Grêmio
As trocas e evoluções que Luís Castro conseguiu no Grêmio
- O Grêmio ainda não conseguiu jogar o futebol que precisa, mas pelo menos venceu. E, morando nesse estado, sabendo que tem Gre-Nal da decisão onde o Inter tá na zona de rebaixamento, o Grêmio pega o elevador e vai pra parte de cima da tabela. Isso faz diferença.
- Luis Castro mudou o time mais uma vez. Primeiro que voltou a trocar a dupla de zaga. Foi com Gustavo Martins e Viery na zaga. Tá claro que o Kannemann não é da preferência dele. Pode ser líder e tudo mais, mas não é titular. E o Viery falhou no gol do Galo. Deixou a bola quicar e se complicou. Erro dele. O segundo consecutivo.
- Depois, foi a chance de ver o Pavón de lateral titular, do Nardoni no meio e o Mec começando como meia também. Aliás, até o Enamorado ganhou chance como titular na direita.
- Luís Castro é prático, quem foi bem na partida anterior, ganha vaga no time titular. Quem vai mal, acaba perdendo espaço. Prevejo que mudanças devem ser rotina. Não tem muita enrolação.
- Dito isso, qualquer avaliação da partida passa pela expulsão do lateral do Galo. Justa expulsão, não se contesta isso. Apenas relato que muda o cenário de avaliação se, por exemplo, o Pavón iria bem na marcação ali do lado, por exemplo.
- Mas é óbvio que a gente pode ver coisas boas. O Nardoni é um cara de muito combate no meio-campo e ajudou o Noriega no setor. Correu um risco gigante aos 5 min quando poderia até ser expulso pela chegada.
- Penso que faltou criatividade porque o Grêmio sente a falta do Arthur. Isso é nítido. Ainda é um problema.
- Por outro lado, foi ótimo ver o Mec em campo. A meta tem que ser dar chance pro guri. O fato dele ser ambidestro chama muita atenção. Não importa o lado que a bola vem, ele sabe dar sequência nas jogadas. Bem relevante isso, hein? E não é só isso. Ele tenta a jogada. Por vezes, até demais. Só que o cara tenta. Quando começar a encaixar, pode brilhar como a gente projeta a carreira dele.
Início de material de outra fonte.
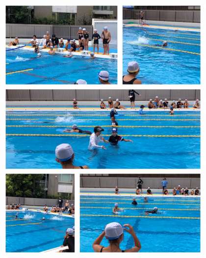 後半は、チームに分かれてのリレー対決。水中ウォークからビート板、クロール、平泳ぎ、背泳ぎ、バタフライと泳法が変わりながらのリレーです。
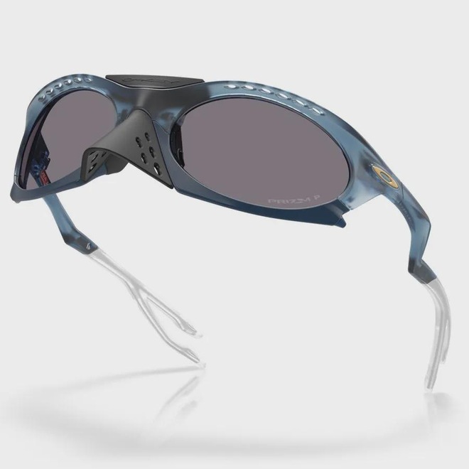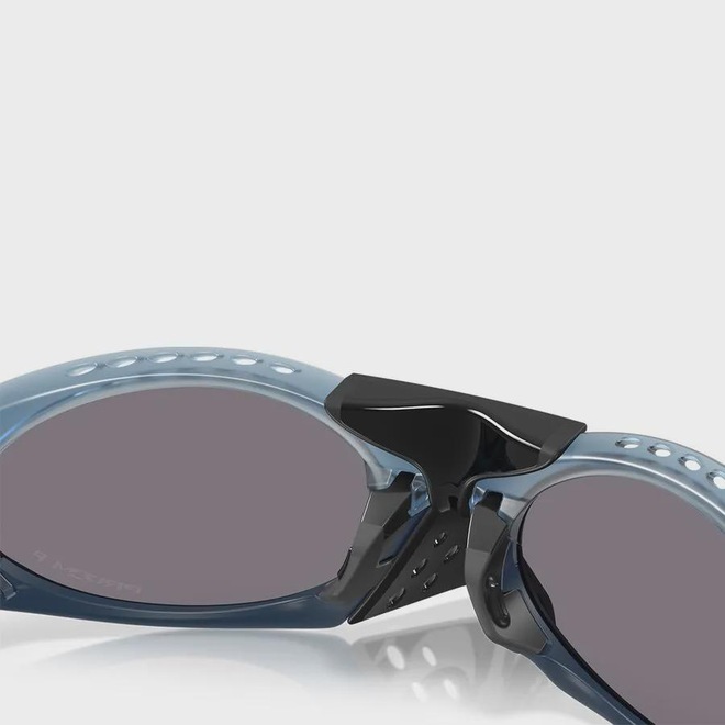 Inspirado pela observação das formas e criaturas encontradas na natureza, o Plantaris tem um design ousado com características funcionais e técnicas. O design de haste ajustável se divide em duas bases inspiradas em sapos, cobertas por pontas de silicone transparentes exibindo o núcleo de arame que remete a veias. Uma ponta cônica removível torna-o adaptável ao ambiente em que você estiver, enquanto a tecnologia Switchlock facilita a troca das lentes. As lentes Prizm Grey melhoram as cores, o contraste e os detalhes, otimizando a experiência de visão em condições de alta exposição à luz do sol. Ref.: OO9437-09
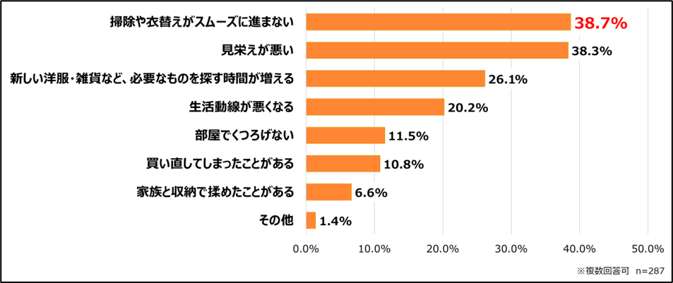 この結果から、収納スペースの不足や整理の遅れは、見た目の問題にとどまらず、生活の質や効率にも影響を及ぼしていることが分かりました。
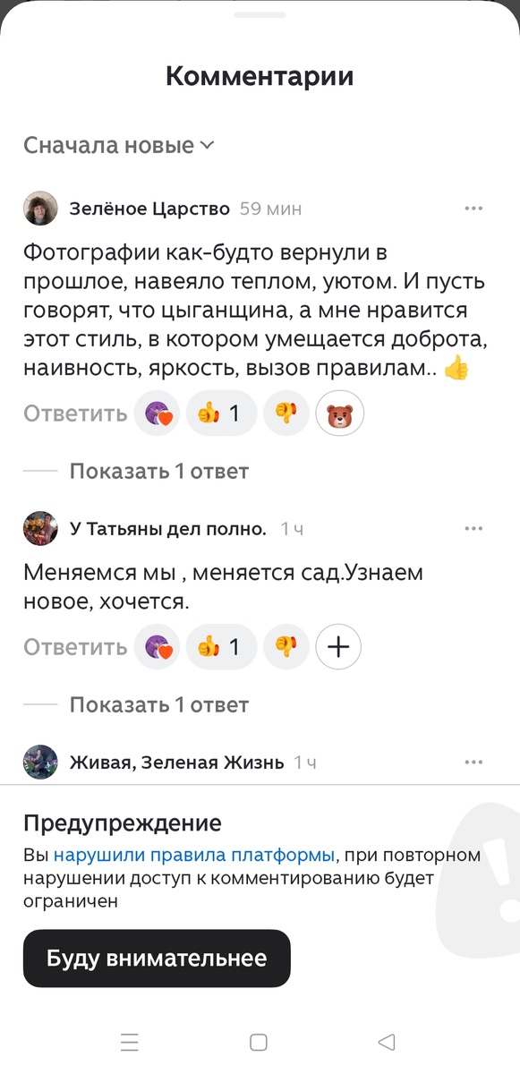 В понедельник утром выяснилось, что мне ограничили возможность писать комментарии. Я якобы нарушила правила Дзена. Возможно ли, чтобы садовод-божий
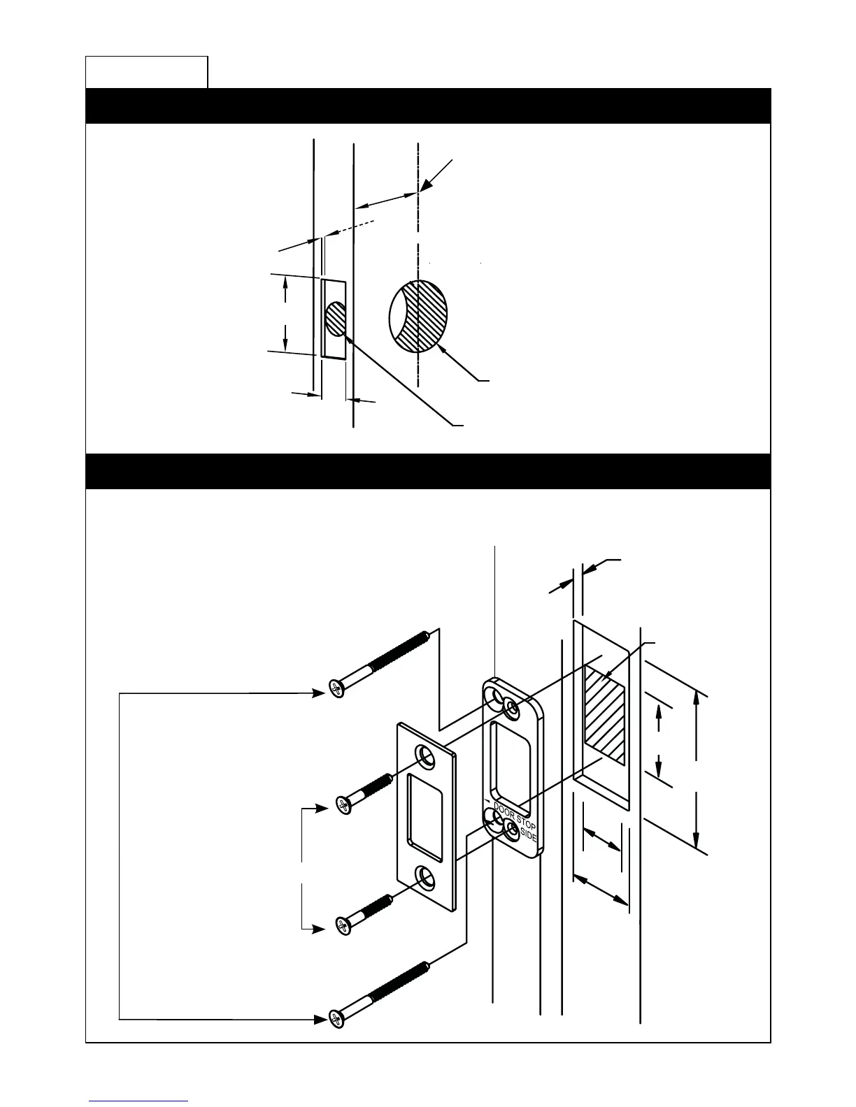 Step 2: Fasten Strike Plate using two #8 x ¾” Wood Screws (item #6).
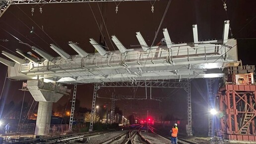 Центральную секцию путепровода начали монтировать в Апрелевке
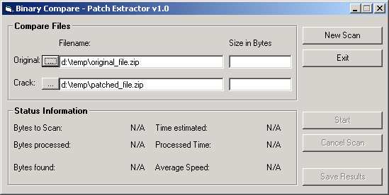 Binary compare two files and save the differences to file. you need to 2 files with equal length, one original and one patched.
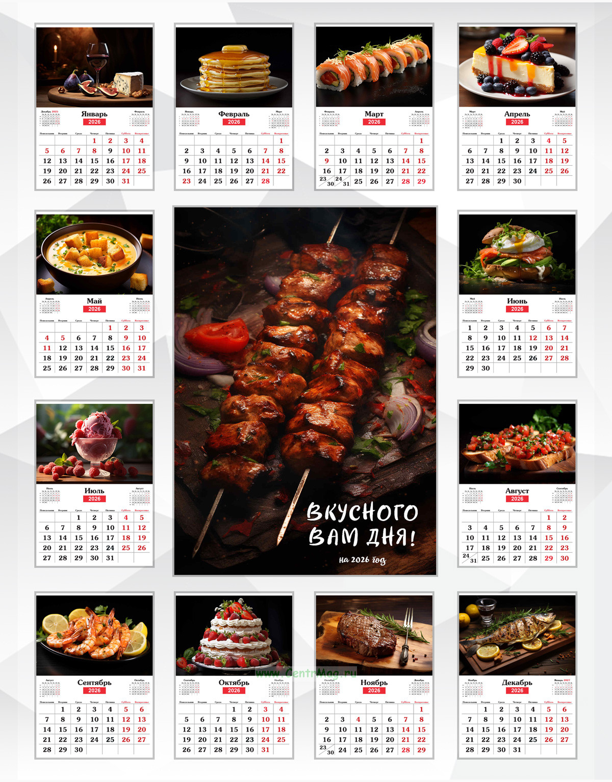 На страницах календаря вы найдете картинки сочного кебаба, бургера, изысканного сыра с вином и инжиром, брускетт, супов, роллов, морепродуктов, стейка, рыбы, панкейков и различных десертов.
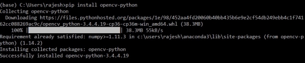 以上命令會將 OpenCV 包安裝到您的當前環境中。
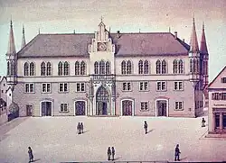 1872 wurde das Rathaus in die ehemalige Fruchthalle am Marktplatz verlegt. Diese war von Johann Georg Rupp im neogotischen Stil erbaut worden. Als das Rathaus dorthin verlegt wurde, erfolgte ein entsprechender Um- und Erweiterungsbau durch Baurat Berner. Das Gebäude hatte vier Erker und einen Mittelrisalit mit Uhrengiebel und Stadtwappen. Das Gebäude wurde 1945 durch Bomben zerstört.[4]
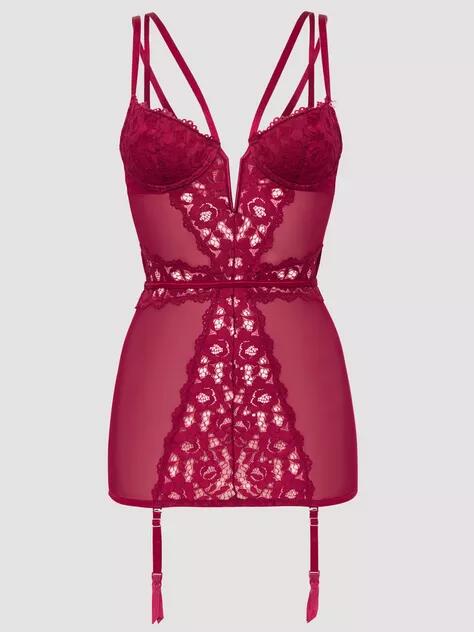The underwired cups provide ample support while enhancing your natural shape, and the daring V plunge neckline adds a touch of daring sophistication. The chemise gracefully slides over your body, smoothing your silhouette and highlighting your best features. With contoured lace panels that cinch at the waist, this piece is designed to flatter and accentuate your curves from every angle.
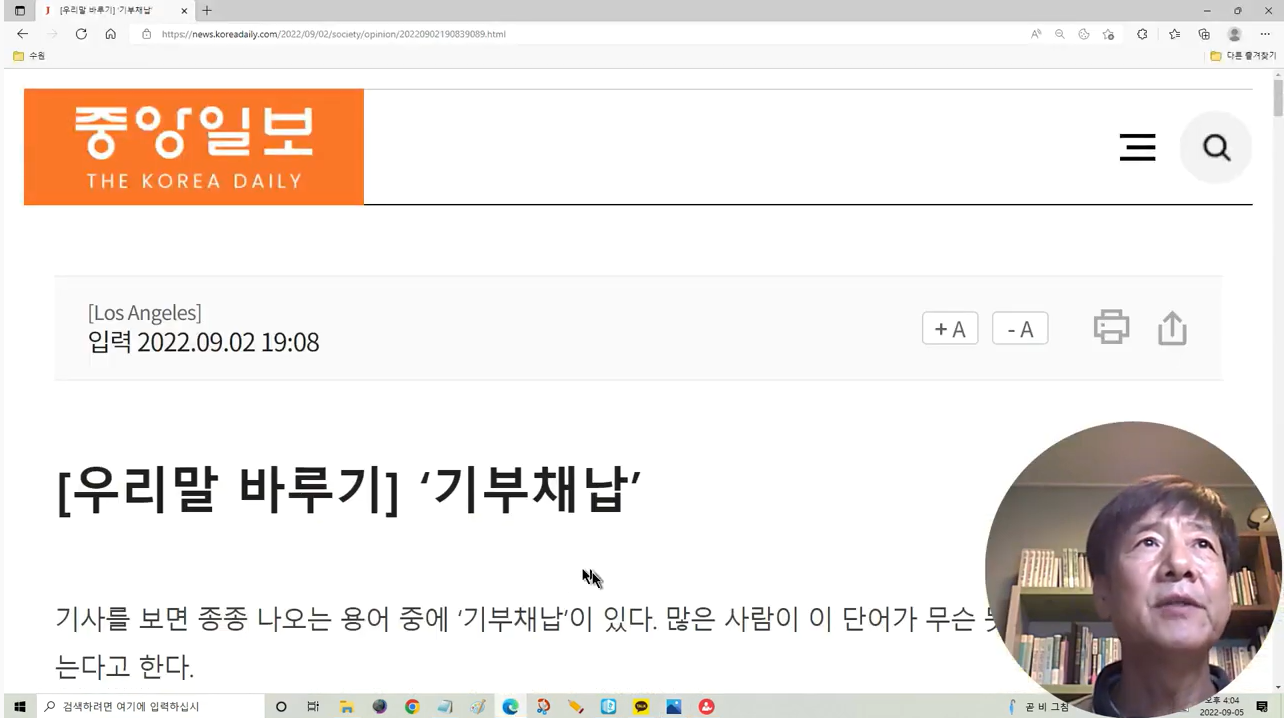 2022년 9월 24일 정재환의 한글 상식

- Um ponto a ver aqui é que, mesmo com Mec, que seria mais meia do que volante, Castro fez quase um tripé no meio-campo. Afinal, Noriega era o primeiro volante, Mec jogou mais na direita e o Nardoni mais na esquerda. Teve um tripézinho ali, sim. Tanto que o Dodi entrou na do Mec, no segundo tempo.
- Enfim, Luís Castro tem um caminho a percorrer e tenho certeza que ele sabe disso. As trocas constantes me parecem um indício disso são as mudanças de jogadores afim de buscar uma melhor formação. Agora, as coisas estão evoluindo, isso é inegável.